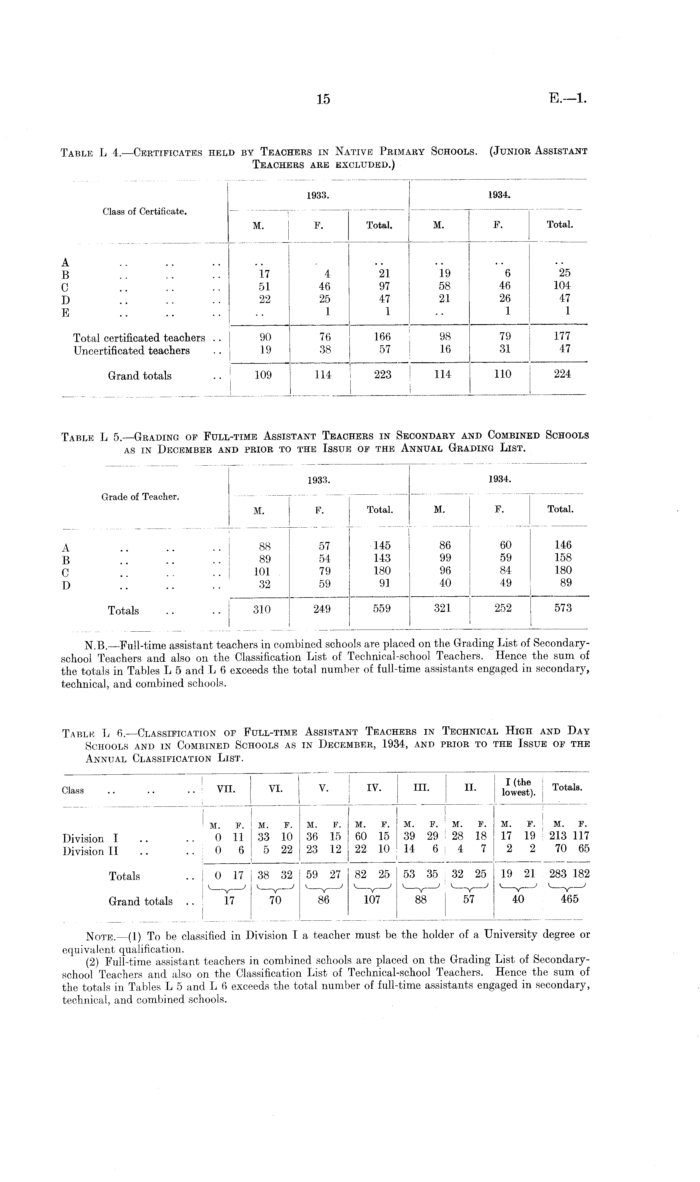 1933. 1934. Class of Certificate. 1 r M. F. Total. M. F. Total. A B . .... 17 4 21 19 6 25 C .. .. .. 51 46 97 58 46 104 D .. .. .. 22 25 47 21 26 47 E .. .. .... 1 1 .. 1 1 Total certificated teachers .. 90 76 166 . 98 79 177 Uncertificated teachers .. 19 38 57 16 31 47 Grand totals .. 109 114 223 114 110 224
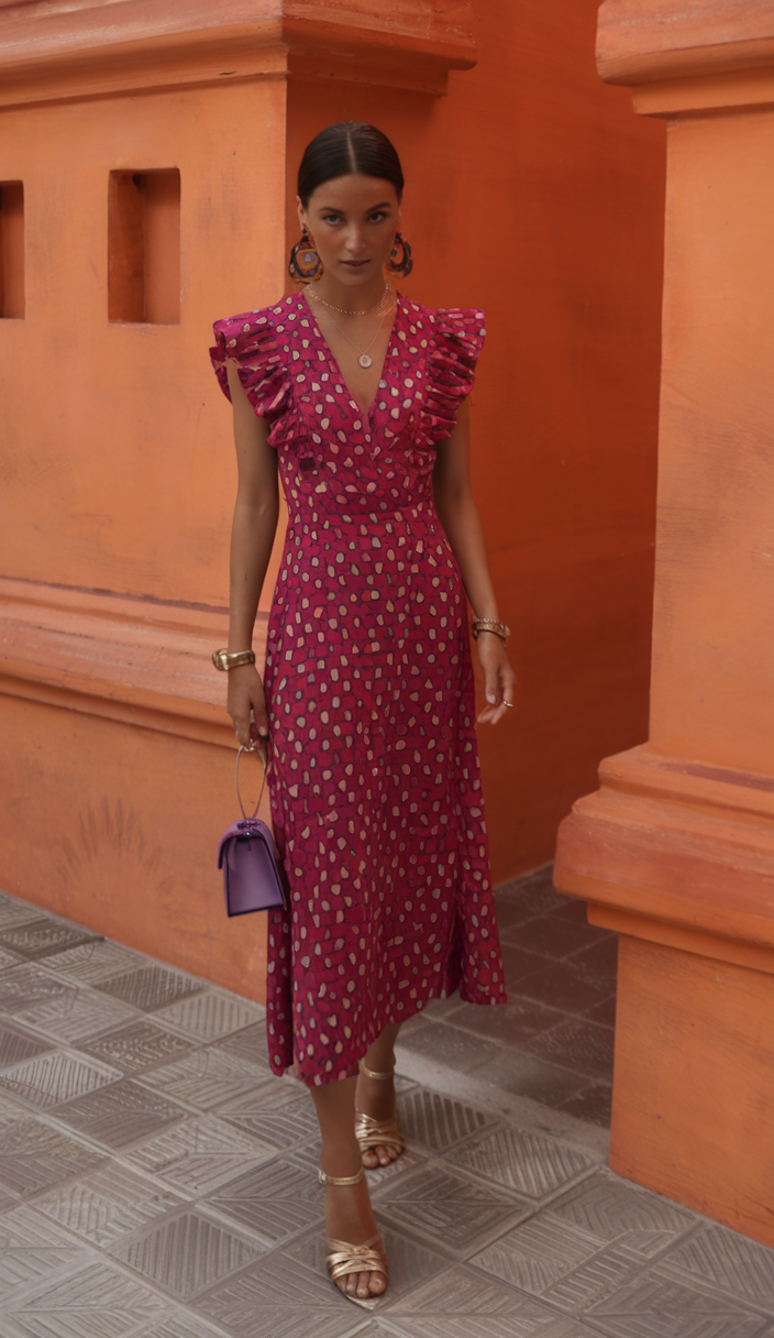 The fitted V neck midi dress with ruffled sleeves makes a statement for summer in 2025. Crafted from rich magenta fabric, its subtle polka dot design offers a playful yet moody balance while the flowing hemline enhances movement. Finished with gold strappy sandals and a structured mini bag, the blend is best characterized as casual and chic.
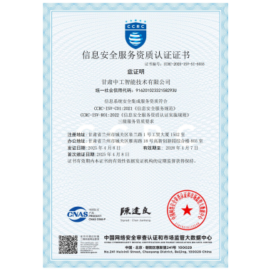 甘肅中工智能技術(shù)有限公司成立于2015年03月25日,注冊(cè)地位于甘肅省蘭州市城關(guān)區(qū)皋蘭路1號(hào)工貿(mào)大廈1502室。公司有研發(fā)部,商務(wù)部,財(cái)務(wù)部,業(yè)務(wù)部,工程部五個(gè)部門(mén),團(tuán)隊(duì)共計(jì)30余人,本科以上18人,高級(jí)職稱(chēng)2人。主要為企業(yè)及政府信息化建設(shè),安防工程,軟件開(kāi)發(fā),網(wǎng)絡(luò)安全項(xiàng)目提供全套技術(shù)解決方案。確保在信息化建設(shè)的道路上做到創(chuàng)新、領(lǐng)先、安全,從而提升工作時(shí)效。
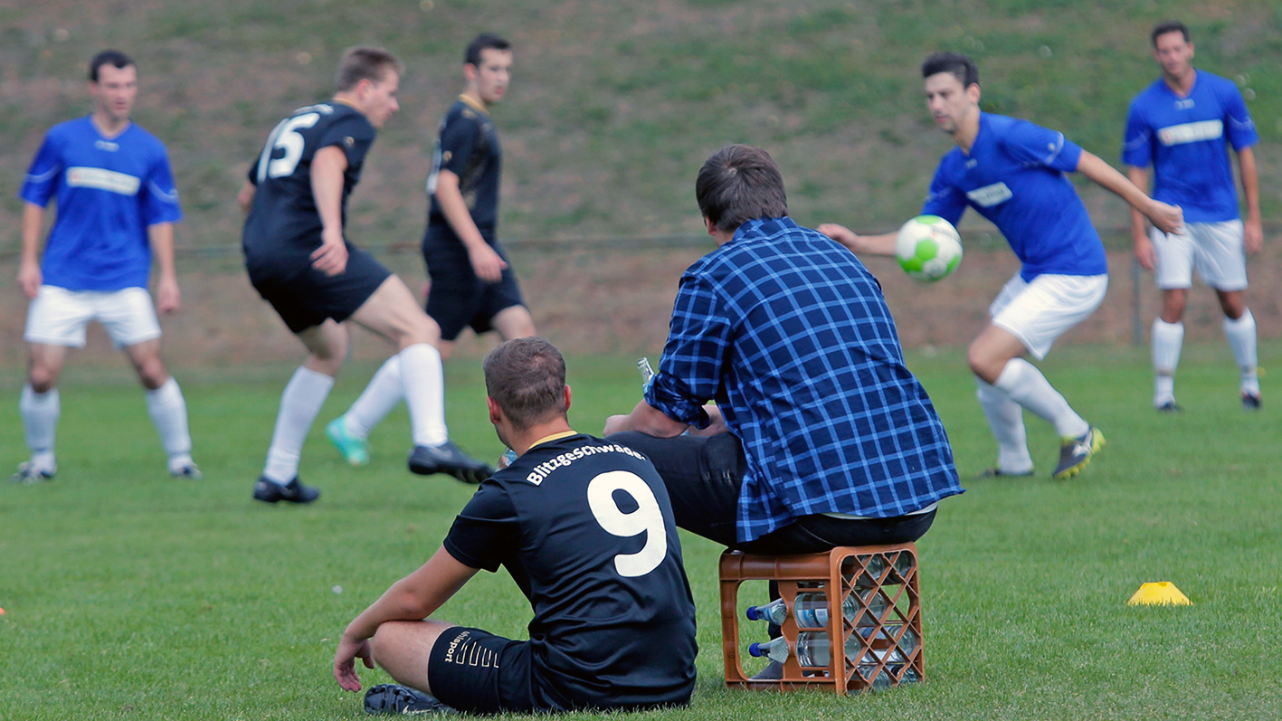 „Erst hast du kein Glück, dann kommt auch noch Pech dazu“, dichtete Bayern-Profi Jürgen „Kobra“ Wegmann einst. Und genauso lief das Turnier fürs Azubi-Team des „Blitzgeschwaders“ auch weiter. Nach der Verletzung von Nicolas Leu ging Tim Lutz ins Tor. Der bekam den ersten Ball auf den Kasten, klatschte ab – und prompt knickte auch ihm das Handgelenk um. Auch nichts Schlimmes, doch mit der Keeperrolle war’s vorbei, Tim spielte daraufhin im Feld weiter. „Qualität von Anfang an“ war von den Azubis ohnehin nicht mehr zu leisten, sie wurden mit 0 Punkten und 3:23 Toren Turnierletzter. „Was soll’s,wir haben uns sowieso nicht viel ausgerechnet – und Spaß gemacht hat’s trotzdem“, so Tims Resümee. Außerdem präsentierte sich das Blitzgeschwader in den vielleicht stylischsten Trikots des Turniers: den Auswärtsleibchen des 1.FC Kaiserslautern aus der Spielzeit 2014/15. Einfach nur gut aussehen ist schließlich auch was wert.
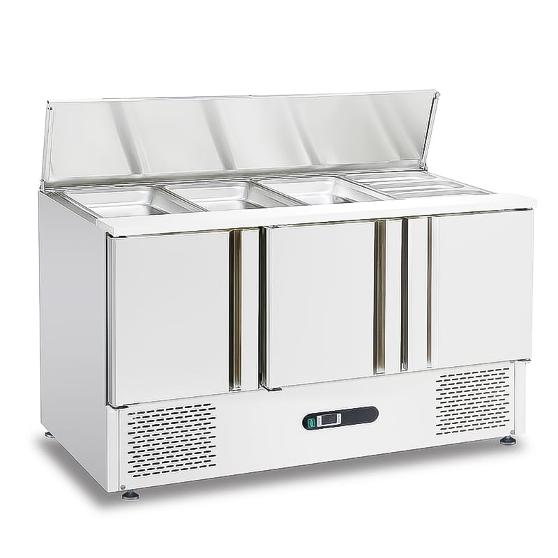 This salad sandwich prep table refrigerator has a large top to hold a variety of ingredients and a lower freezer to store spare ingredients, condiments and other refrigerated products. In addition, since the unit uses R290 refrigerant, it is a responsible and environmentally friendly choice for any business.
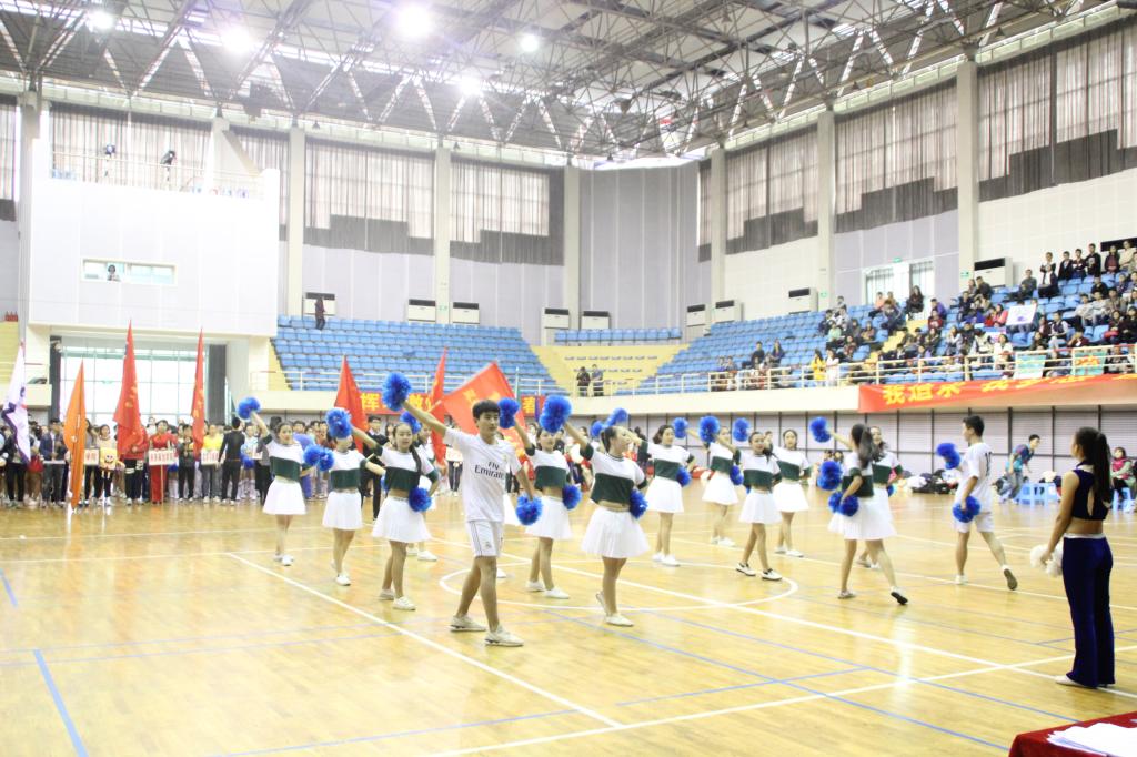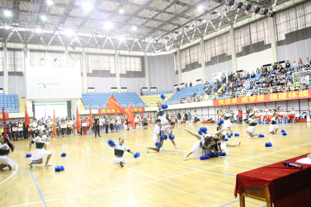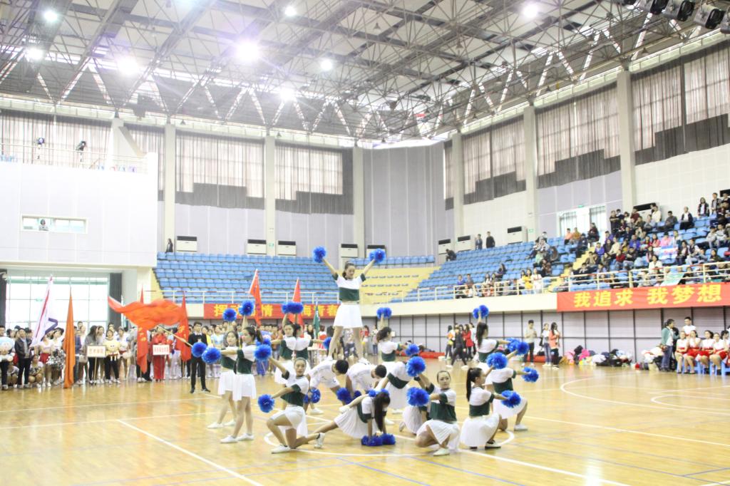 在开场的各代表队风采展示中,环资学院啦啦操代表队以自编动作在众学院中独具一格,赢得在场观众和评委的掌声,同时也展示本院学子不一样的风采和积极向上的精神面貌。全体代表队啦啦操表演时间,全体代表队一起齐跳《小苹果》,把现场气氛带入高潮。之后各代表队开始规定啦啦操比赛,进行最后的正式比赛,环资学院啦啦操代表队从开场到最后现场掌声不断,从动作难度、动作整齐度、动作力度以及开场和结尾造型各方面得到评委和在场观众的一致肯定,并以总分448分的优异成绩排名第三(体育学院除外),斩获一等奖的佳绩。

**Action item**: Return exactly the lines of the data, beginning with the first and ending with the line containing "甘肅中工智能技術(shù)有". Skip the pictures.

**Result of the exercise**:
 1933. 1934. Class of Certificate. 1 r M. F. Total. M. F. Total. A B . .... 17 4 21 19 6 25 C .. .. .. 51 46 97 58 46 104 D .. .. .. 22 25 47 21 26 47 E .. .. .... 1 1 .. 1 1 Total certificated teachers .. 90 76 166 . 98 79 177 Uncertificated teachers .. 19 38 57 16 31 47 Grand totals .. 109 114 223 114 110 224
 The fitted V neck midi dress with ruffled sleeves makes a statement for summer in 2025. Crafted from rich magenta fabric, its subtle polka dot design offers a playful yet moody balance while the flowing hemline enhances movement. Finished with gold strappy sandals and a structured mini bag, the blend is best characterized as casual and chic.
 甘肅中工智能技術(shù)有限公司成立于2015年03月25日,注冊(cè)地位于甘肅省蘭州市城關(guān)區(qū)皋蘭路1號(hào)工貿(mào)大廈1502室。公司有研發(fā)部,商務(wù)部,財(cái)務(wù)部,業(yè)務(wù)部,工程部五個(gè)部門(mén),團(tuán)隊(duì)共計(jì)30余人,本科以上18人,高級(jí)職稱(chēng)2人。主要為企業(yè)及政府信息化建設(shè),安防工程,軟件開(kāi)發(fā),網(wǎng)絡(luò)安全項(xiàng)目提供全套技術(shù)解決方案。確保在信息化建設(shè)的道路上做到創(chuàng)新、領(lǐng)先、安全,從而提升工作時(shí)效。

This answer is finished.